Metabolomics refers to the systematic quantitative detection on the dynamic changes of metabolites of small molecule caused by physiological or pathological state or some intervention factors, and explore the metabolic changes of individual through the pathway analysis of metabolites [20,21]. Metabolomics has been for identifying the key metabolites of urine and explore the metabolic changes in obese men with hyperlipidemia [22]. Ultra-performance liquid chromatography coupled to a triple-Time of flight mass spectrometer (UPLC/Triple-TOF MS) has been extensively used in the analysis of metabolomics due to its broad dynamic range and ability to cover a wide range of chemical diversity [[23], [24], [25], [26]]. Therefore, we evaluate the impact of SHQ soda water on hyperlipidemia and investigate the potential mechanisms of action with a metabolomics analysis based on UPLC/Triple-TOF MS and multivariate data analysis.

2. Materials and methods

2.1. Animals treatment

Thirty-six healthy male Wistar rats weighing 160–200 g were supplied by Changchun Changsheng Biotechnology Co., Ltd. All rats were housed in cages for acclimatizing the condition with a temperature (20 ± 2 °C) and a 12-h light-dark cycle for seven days before treatment. The rats were randomly divided into three groups according body weight including control group, high fat emulsion with distilled (hyperlipidemia, HL) group, and high fat emulsion with SHQ water (SHQ) group (n = 12 in each group). The control group was distilled water. SHQ water was provided by Heilongjiang Province Shihanquan Technology Development Co., Ltd. Water consumption of all rats was recorded. High fat emulsion contains 25 % lard, 5 % cholesterol, 10 % Tween-80, 10 % propylene glycol, 1 % sodium cholate, 0.5 % propylthiouracil, and distilled water. The high-fat emulsion was given by gavage to 1 % of the body weight of rats until the treatment ended. The rats were provided with a conventional diet (AIN-93G) in the study. Each group consisted of 12 rats, which were randomly divided into two subgroups (n = 6). After 1 and 3 months, the rats were sacrificed under chloral hydrate anesthesia, and abdominal aortic blood was collected, then centrifuged at 3000×g for 15 min, and stored at −80 °C for determinate total glyceride (TG) and total cholesterol (TC). At the end of the third month, urine were sampled and stored at −80 °C for the determination of metabolites. All experiments were performed in compliance with institutional guidelines and approved by the Animal Experimental Ethics Committee of Shanghai University of Medicine & Health Sciences.
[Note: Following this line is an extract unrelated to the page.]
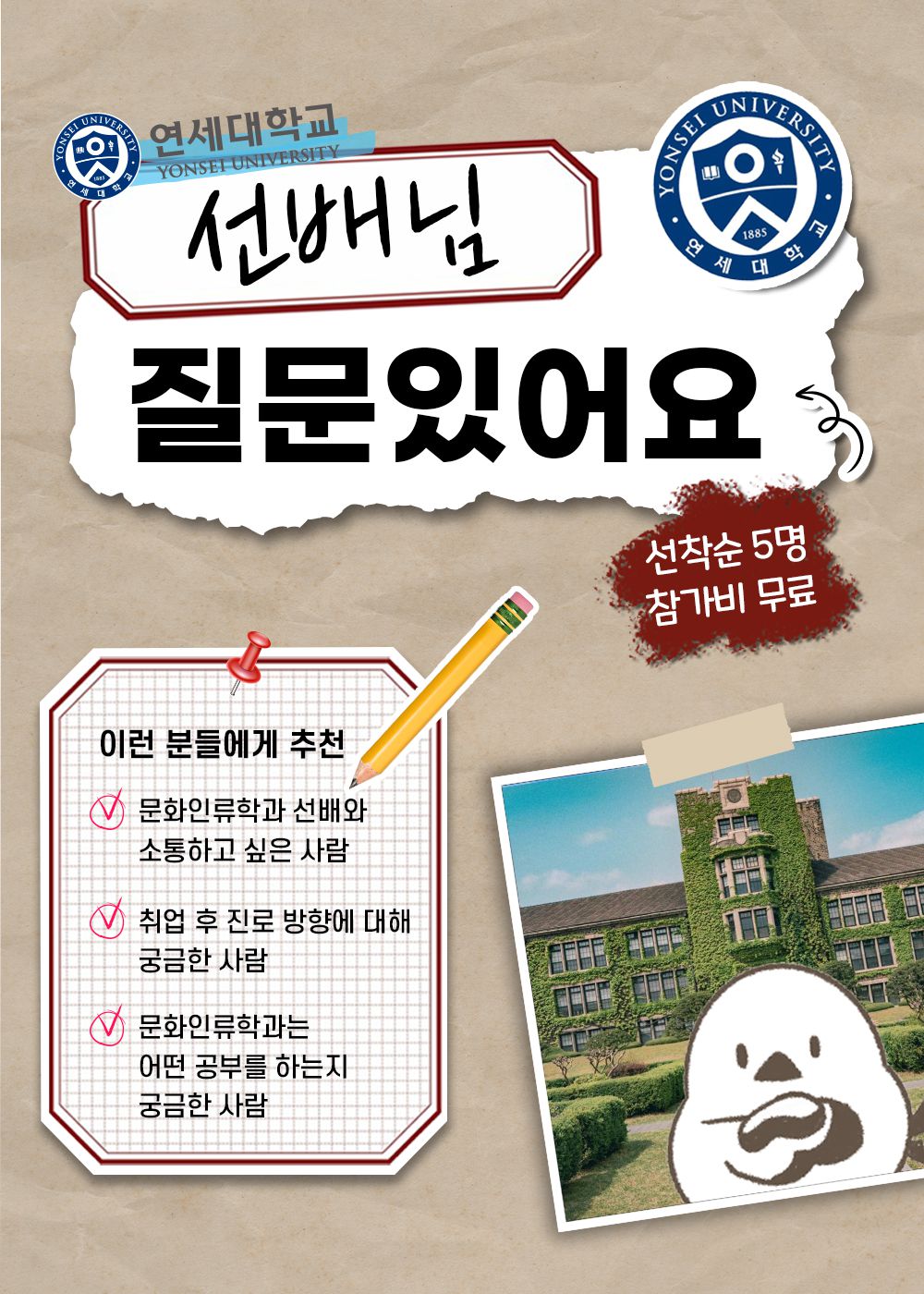 - 모집대상 : 연세대 문화인류학과을 희망하는 사람 (다른 과에 대한 질문에는 충분한 답변을 못받을 수 있습니다😅)

2.2. Serum TG and TC determination

Serum TG and TC was determined with determination kit (Nanjing Jiancheng Bioengineering Research Institute Co., Ltd. Nanjing, China) using an automatic Microplate Reader (Multiskan mk3, Thermo Scientific, MA, USA).

2.3. Chemicals and reagents

LC/MS grade methanol, formic Acid, and acetonitrile were supplied by Fisher Chemical (Fisher Scientific International Inc., Pittsburgh, USA).
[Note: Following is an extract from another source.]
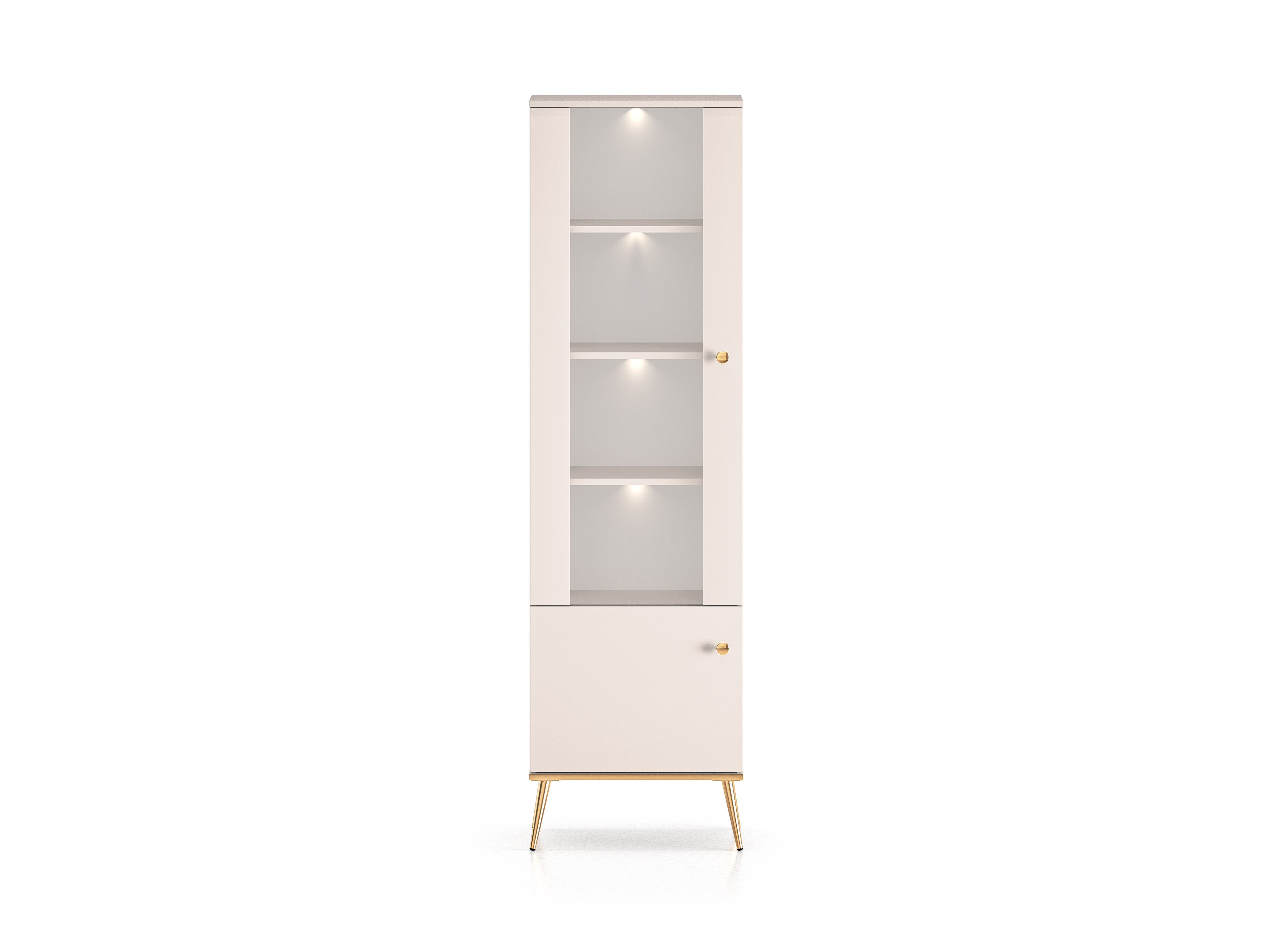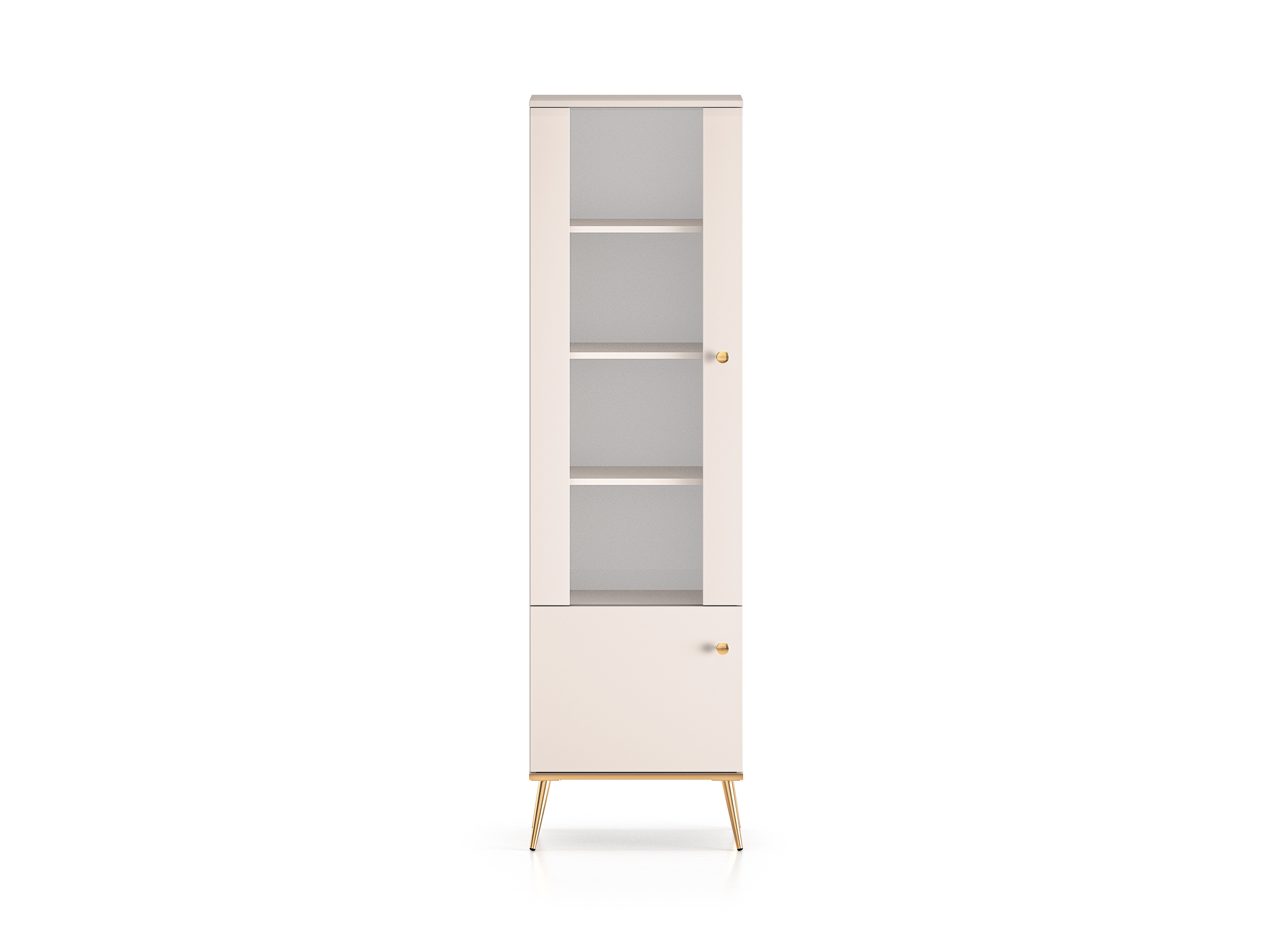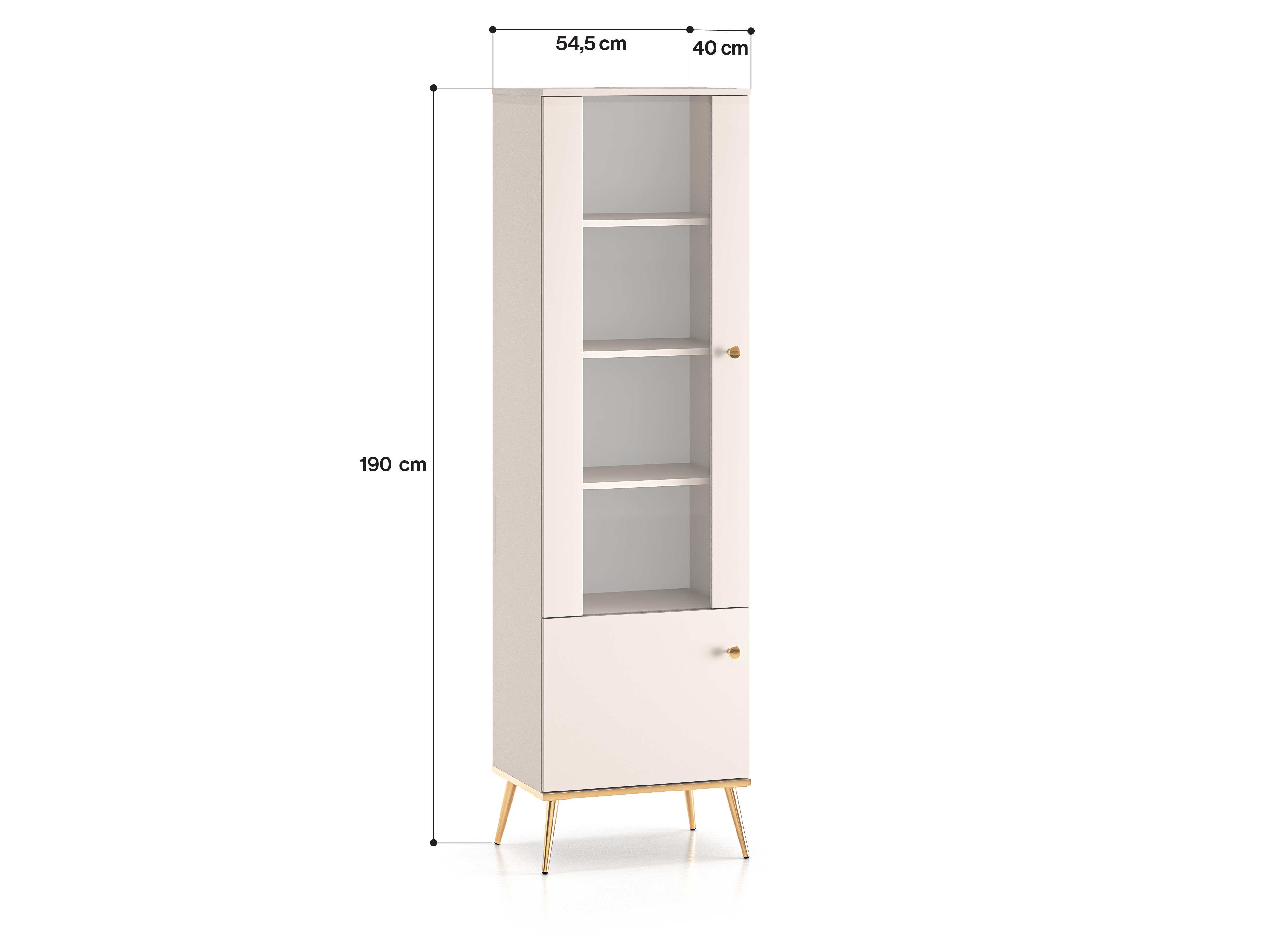 Vitrína je vyrobená z kvalitního lamina v bílém provedení. Stabilní vysoké nohy v kovovém provedení a dvojitě pozinkovaná rukojeť jsou ve zlatém provedení. Zboží dodáváme v demontu.

2.4. Metabolic profiling analysis by UPL/triple - TOF MS

2.4.1. Urine pretreatment and quality control of analysis

Metabolites in urine sample (100 μl) were determined with a 400 μl methanol: acetonitrile (1:1, v/v). After vortexing and ultrasonic extraction on ice for 10min, the sample was allowed to placed at −20 °C for 30min, and centrifuged at 3000×g at 4 °C for 15 min. The supernatant was dried with nitrogen, then reconstituted with a mixture of 100 μl acetonitrile and water (1: 1). Finally, the reconstituted sample was transferred to sample vials for further analysis. Quality control samples (QC) were prepared by mixing all samples of equal volume for monitoring the stability of the analysis, and determined at regular intervals after every 6 samples. For avoiding sequential effects, different batches were injected in random crossover.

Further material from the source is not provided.